## SUPPLIED MATERIAL
_ _ _ _
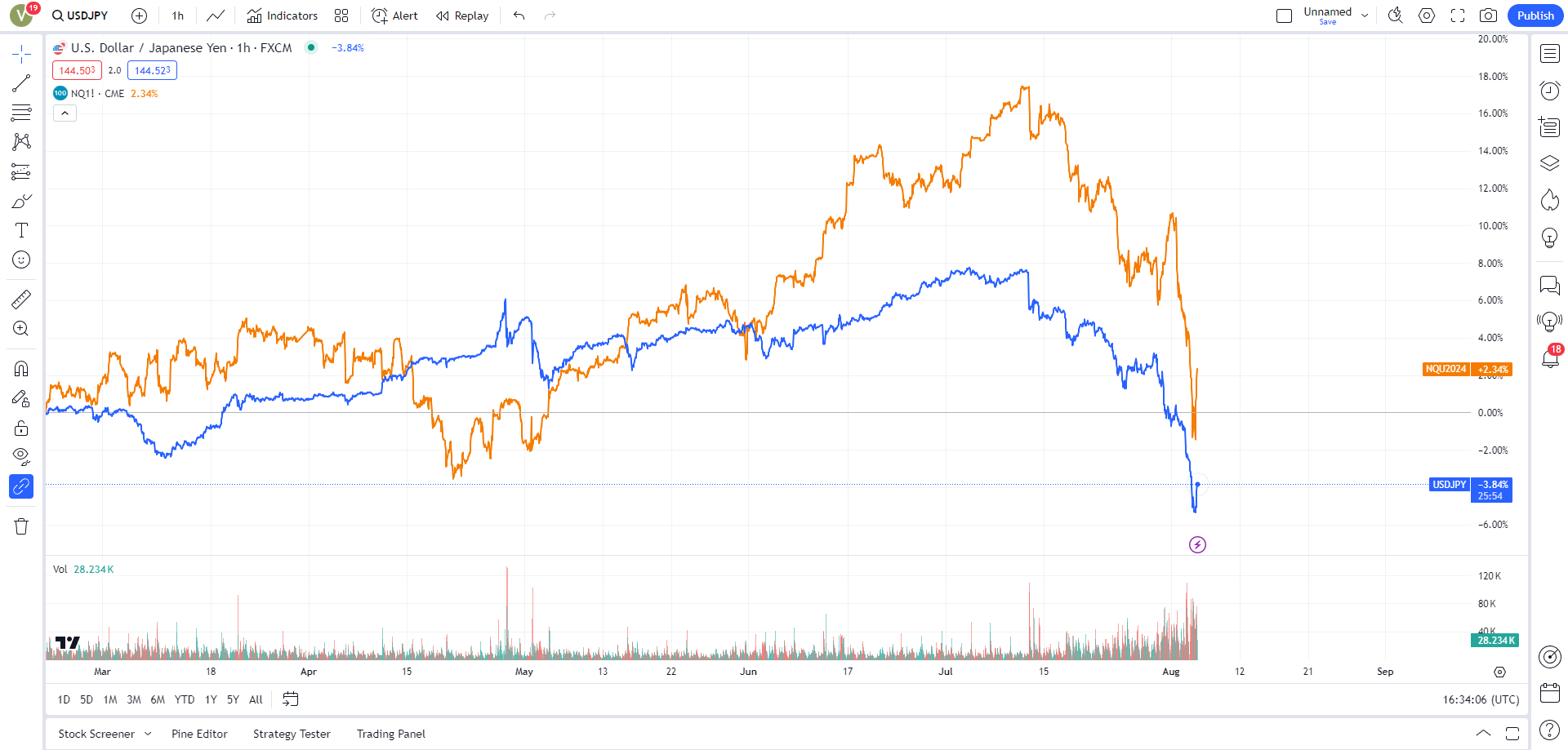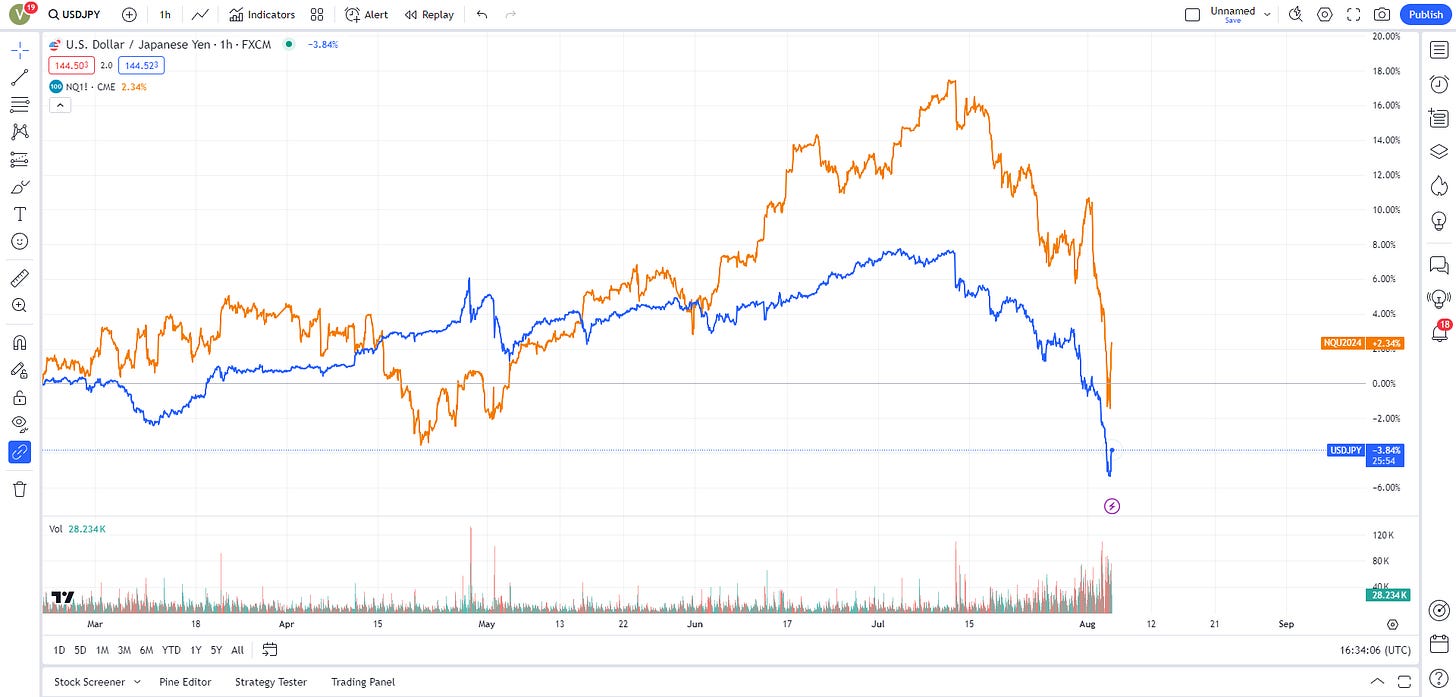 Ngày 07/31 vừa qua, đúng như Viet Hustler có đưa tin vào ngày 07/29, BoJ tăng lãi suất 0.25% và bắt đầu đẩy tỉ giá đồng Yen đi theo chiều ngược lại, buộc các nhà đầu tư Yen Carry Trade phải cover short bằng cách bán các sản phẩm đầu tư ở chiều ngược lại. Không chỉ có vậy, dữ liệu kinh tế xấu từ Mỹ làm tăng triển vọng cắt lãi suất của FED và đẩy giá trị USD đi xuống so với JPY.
_ _ _ _
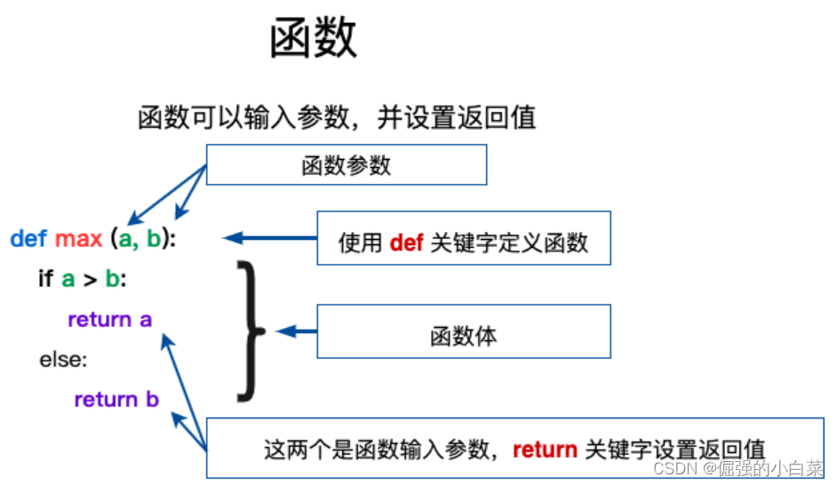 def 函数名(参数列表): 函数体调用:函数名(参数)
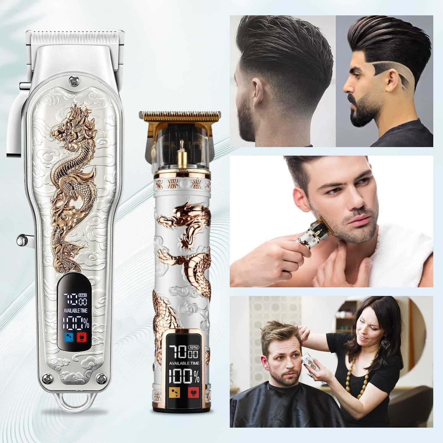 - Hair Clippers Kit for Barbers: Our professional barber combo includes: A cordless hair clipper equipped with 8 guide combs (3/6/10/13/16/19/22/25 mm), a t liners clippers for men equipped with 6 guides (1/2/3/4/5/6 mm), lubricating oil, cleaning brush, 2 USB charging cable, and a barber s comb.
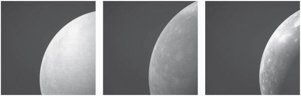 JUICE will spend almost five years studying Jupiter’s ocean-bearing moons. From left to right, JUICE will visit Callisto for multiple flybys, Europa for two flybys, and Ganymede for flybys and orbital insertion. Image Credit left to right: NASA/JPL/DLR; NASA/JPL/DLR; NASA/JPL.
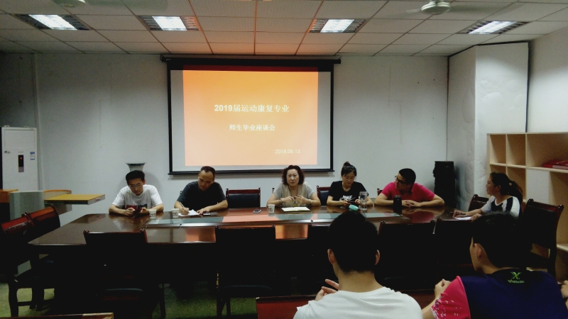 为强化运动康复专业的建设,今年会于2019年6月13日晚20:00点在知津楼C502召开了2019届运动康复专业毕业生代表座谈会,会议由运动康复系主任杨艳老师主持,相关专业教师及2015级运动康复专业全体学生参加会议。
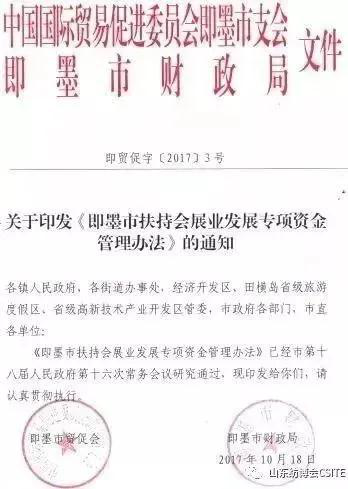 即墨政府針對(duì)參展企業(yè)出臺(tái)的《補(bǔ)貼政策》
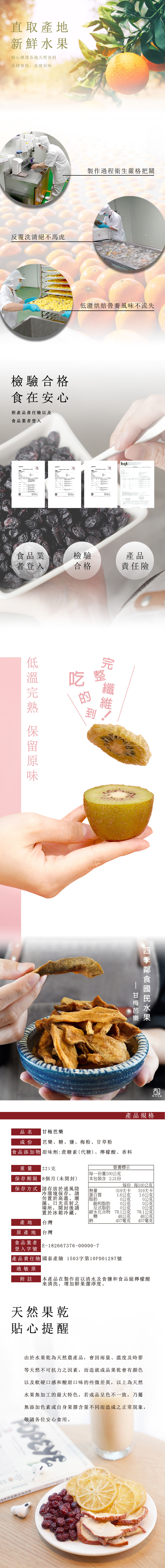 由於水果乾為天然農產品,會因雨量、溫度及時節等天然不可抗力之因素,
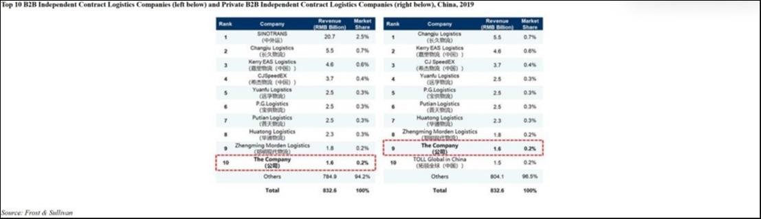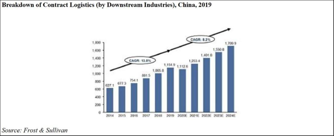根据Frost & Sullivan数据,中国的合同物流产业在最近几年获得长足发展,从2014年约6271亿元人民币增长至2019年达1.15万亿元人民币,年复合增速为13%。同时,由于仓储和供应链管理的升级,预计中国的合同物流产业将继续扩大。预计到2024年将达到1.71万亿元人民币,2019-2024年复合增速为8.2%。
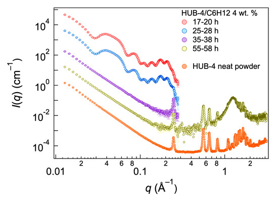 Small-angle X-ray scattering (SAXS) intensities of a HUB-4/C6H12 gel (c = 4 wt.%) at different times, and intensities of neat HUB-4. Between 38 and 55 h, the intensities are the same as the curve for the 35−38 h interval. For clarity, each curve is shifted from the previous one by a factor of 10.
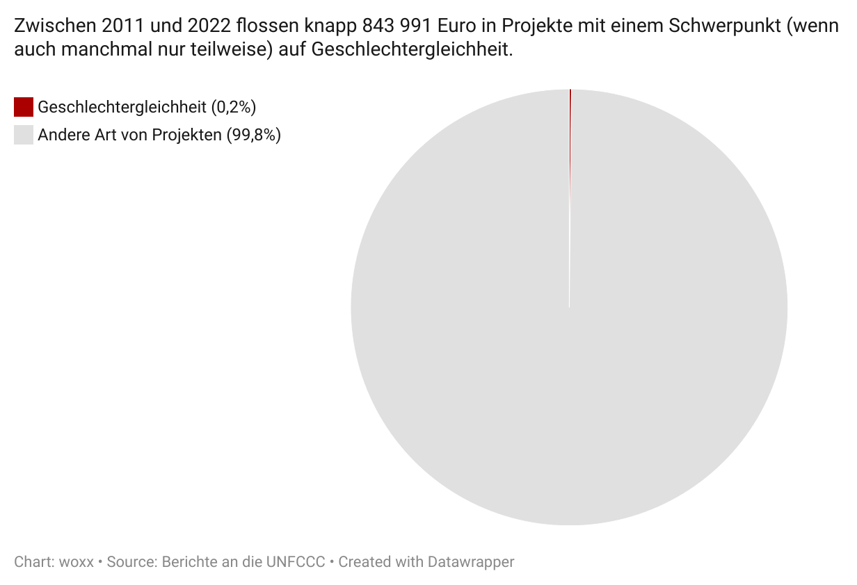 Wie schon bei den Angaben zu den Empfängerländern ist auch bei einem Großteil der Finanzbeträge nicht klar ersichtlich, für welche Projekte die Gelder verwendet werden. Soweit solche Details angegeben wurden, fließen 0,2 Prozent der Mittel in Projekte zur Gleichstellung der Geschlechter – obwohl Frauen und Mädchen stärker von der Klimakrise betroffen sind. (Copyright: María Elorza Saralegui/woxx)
_ _ _ _
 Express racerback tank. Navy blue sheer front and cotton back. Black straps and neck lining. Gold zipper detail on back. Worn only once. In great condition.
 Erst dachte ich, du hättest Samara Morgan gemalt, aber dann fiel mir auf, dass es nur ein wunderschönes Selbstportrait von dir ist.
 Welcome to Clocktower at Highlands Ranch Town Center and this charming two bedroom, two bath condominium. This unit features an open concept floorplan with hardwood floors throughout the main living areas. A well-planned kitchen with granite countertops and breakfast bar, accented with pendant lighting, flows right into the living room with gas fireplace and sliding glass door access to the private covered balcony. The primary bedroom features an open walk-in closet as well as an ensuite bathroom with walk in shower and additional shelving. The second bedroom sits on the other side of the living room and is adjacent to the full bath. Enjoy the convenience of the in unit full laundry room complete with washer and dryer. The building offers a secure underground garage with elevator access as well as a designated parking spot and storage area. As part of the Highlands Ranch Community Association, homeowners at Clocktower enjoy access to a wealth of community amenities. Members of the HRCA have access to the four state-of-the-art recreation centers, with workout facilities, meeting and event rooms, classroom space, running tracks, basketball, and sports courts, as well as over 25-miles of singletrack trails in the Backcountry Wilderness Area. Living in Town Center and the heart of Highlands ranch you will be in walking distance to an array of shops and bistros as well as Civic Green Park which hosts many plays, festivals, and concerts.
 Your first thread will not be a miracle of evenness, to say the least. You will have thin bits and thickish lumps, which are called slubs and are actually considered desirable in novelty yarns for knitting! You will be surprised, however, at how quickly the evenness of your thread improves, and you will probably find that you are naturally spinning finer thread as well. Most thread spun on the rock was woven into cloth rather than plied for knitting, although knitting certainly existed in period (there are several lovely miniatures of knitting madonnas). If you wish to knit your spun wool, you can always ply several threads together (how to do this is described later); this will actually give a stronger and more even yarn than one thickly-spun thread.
_ _ _ _
## THE PROBLEM
Using the records above, return verbatim only the part that opens with the line containing "JUICE will spend" and closes with the line containing "Small-angle X-ray scattering"; pictures stay out.

## RESPONSE TO THIS TASK
 JUICE will spend almost five years studying Jupiter’s ocean-bearing moons. From left to right, JUICE will visit Callisto for multiple flybys, Europa for two flybys, and Ganymede for flybys and orbital insertion. Image Credit left to right: NASA/JPL/DLR; NASA/JPL/DLR; NASA/JPL.
 为强化运动康复专业的建设,今年会于2019年6月13日晚20:00点在知津楼C502召开了2019届运动康复专业毕业生代表座谈会,会议由运动康复系主任杨艳老师主持,相关专业教师及2015级运动康复专业全体学生参加会议。
 即墨政府針對(duì)參展企業(yè)出臺(tái)的《補(bǔ)貼政策》
 由於水果乾為天然農產品,會因雨量、溫度及時節等天然不可抗力之因素,
根据Frost & Sullivan数据,中国的合同物流产业在最近几年获得长足发展,从2014年约6271亿元人民币增长至2019年达1.15万亿元人民币,年复合增速为13%。同时,由于仓储和供应链管理的升级,预计中国的合同物流产业将继续扩大。预计到2024年将达到1.71万亿元人民币,2019-2024年复合增速为8.2%。
 Small-angle X-ray scattering (SAXS) intensities of a HUB-4/C6H12 gel (c = 4 wt.%) at different times, and intensities of neat HUB-4. Between 38 and 55 h, the intensities are the same as the curve for the 35−38 h interval. For clarity, each curve is shifted from the previous one by a factor of 10.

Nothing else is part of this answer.